As the coronavirus continues to wreak havoc with the US economy, these numbers are expected to rise with some states enduring deeper declines than others.

A new analysis by IHS Markit finds that tourism-dependent states are seeing the largest immediate declines. In particular, Nevada and Florida will be the hardest, with employment falling 9.8% and 7.9%, respectively, by the end of this year. Temporary shutdowns among resorts and casinos will lead to a dramatic decline in the second quarter in these states with total employment plunging more than 30% (annualized) in Nevada and 20% in Florida.

Manufacturing-intensive areas in the Midwest and the generally slower growing and densely populated Northeast will also be among the states with the deepest employment declines this year, IHS Markit found. Most sectors of manufacturing, with the exception of food and other consumer staples, will be affected by plant shutdowns due to reduced demand along with virus concerns.

Texas, North Dakota, New Mexico, Oklahoma, and Alaska stand to endure significant economic losses as mining output shrinks over 2020 and 2021. In the second quarter of 2020, the negative impacts resulting from virus mitigation efforts will dominate the economic picture even in the major oil-producing states, IHS Markit said. “As broader economic conditions start to improve in 2021, oil-producing states will see a slower rebound as they continue to grapple with weakness in the oil patch.” Economic losses related to oil will be much more pronounced in gross state product than employment given the high output nature of the industry, the report found. In Texas, for example, the natural resources and mining sector accounts for 15% of real GSP but only 2% of jobs.

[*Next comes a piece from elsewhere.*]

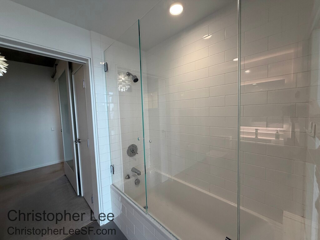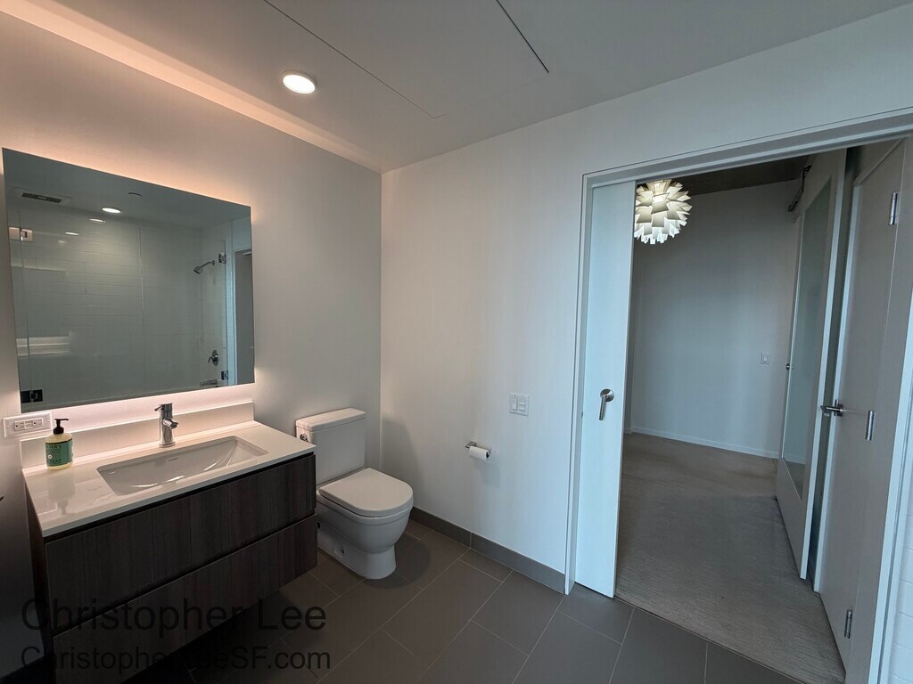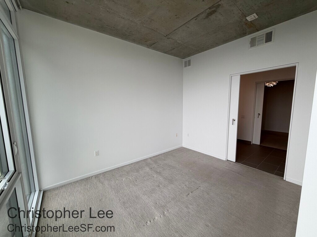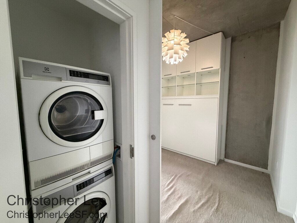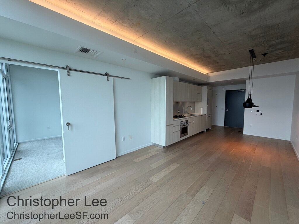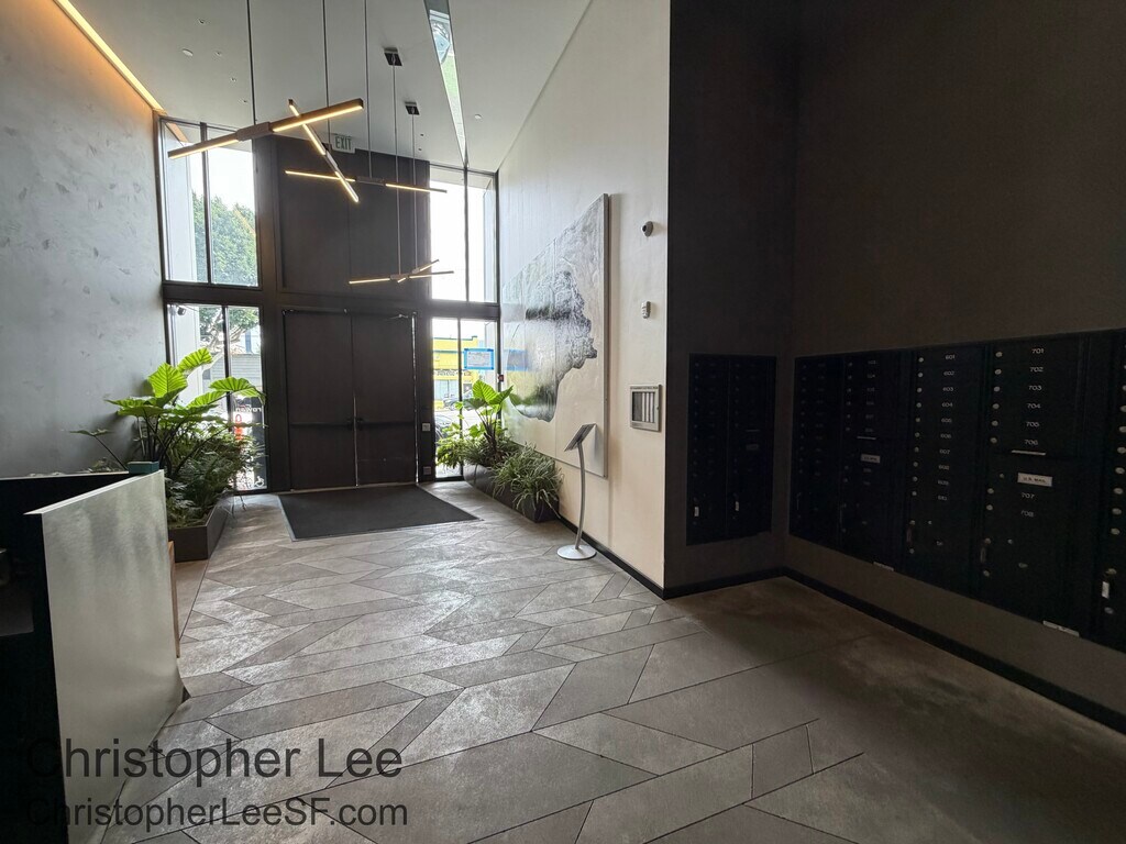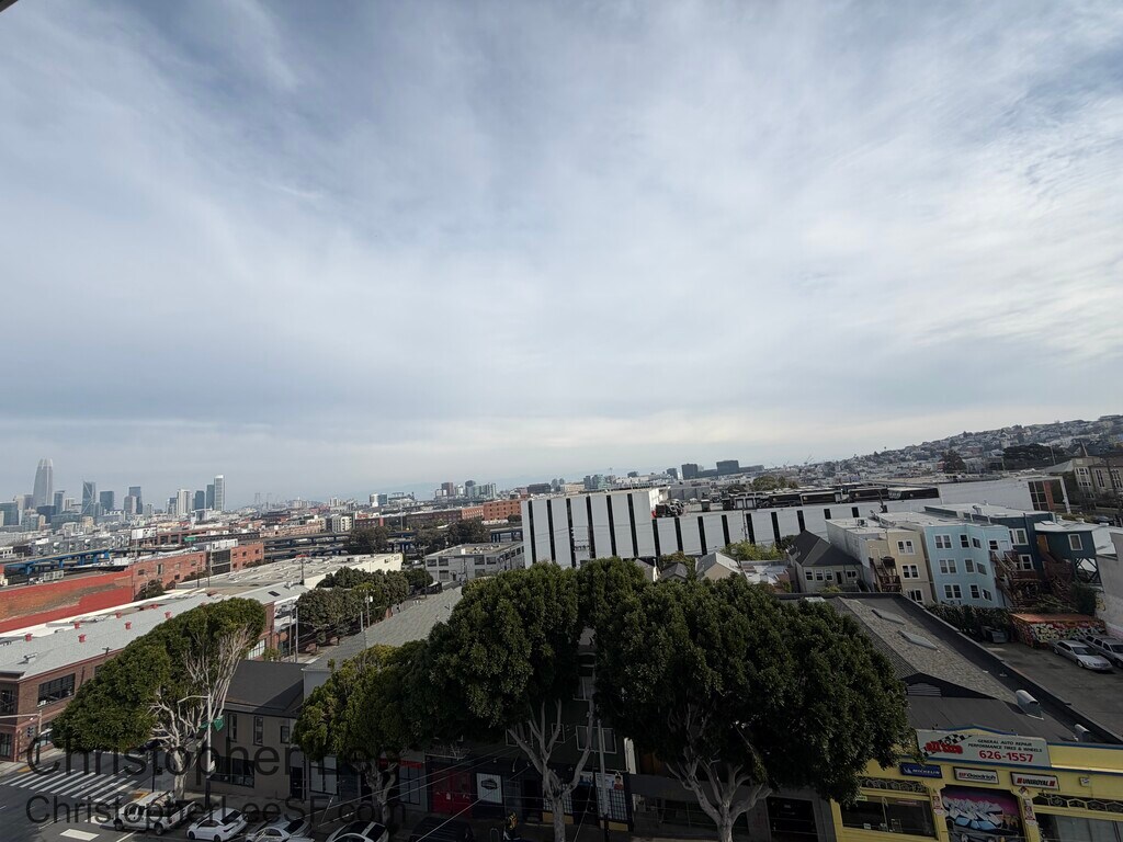 Upper-floor 1BR + Den in a modern 2016 building with sweeping Bay Bridge and San Francisco skyline views. Ideally located on the border of the Mission and Potrero Hill, this home offers unbeatable access to transit, dining, and daily conveniences. Caltrain (4th & King), BART (16th & Mission), tech shuttle stops, and major freeways are all close by. The apartment is a 1 bedroom + den, 1 bath layout. The den features a built-in full-size Murphy bed, making it ideal as a second bedroom, guest room, or dedicated home office. The bathroom includes sleek glass shower doors, and the unit is equipped with in-unit washer and dryer, central heating and A/C, and custom closet systems throughout. The building offers full-service amenities, including a 24/7 doorman, secure package handling with a lobby attendant, and a stunning rooftop deck with multiple grills, trellises, and a living plant wall—perfect for entertaining or relaxing. Additional features include a secure storage cage, bike storage, and an assigned parking space in a protected garage stacker ($400/month). Daily errands are effortless with Trader Joe’s, Whole Foods, Gus’s, Rainbow Grocery, and Safeway all within a 5-minute walk, plus easy access to the best restaurants and cafés in the Industrial Mission. Water and trash are included. A rare combination of views, location, modern comfort, and full-service building amenities.

By contrast, South Dakota, Nebraska, and Iowa will be the most resilient given their smaller share of sectors most exposed to COVID-19 disruption and rural landscape, which naturally helps with social distancing.

The good news, writes principal economist Karl Kuykendall, is that the states and metros hit hardest will generally be among the fastest growing over the ensuing recovery “as activity that fell most sharply during the downturn has the greatest room for growth as conditions normalize.”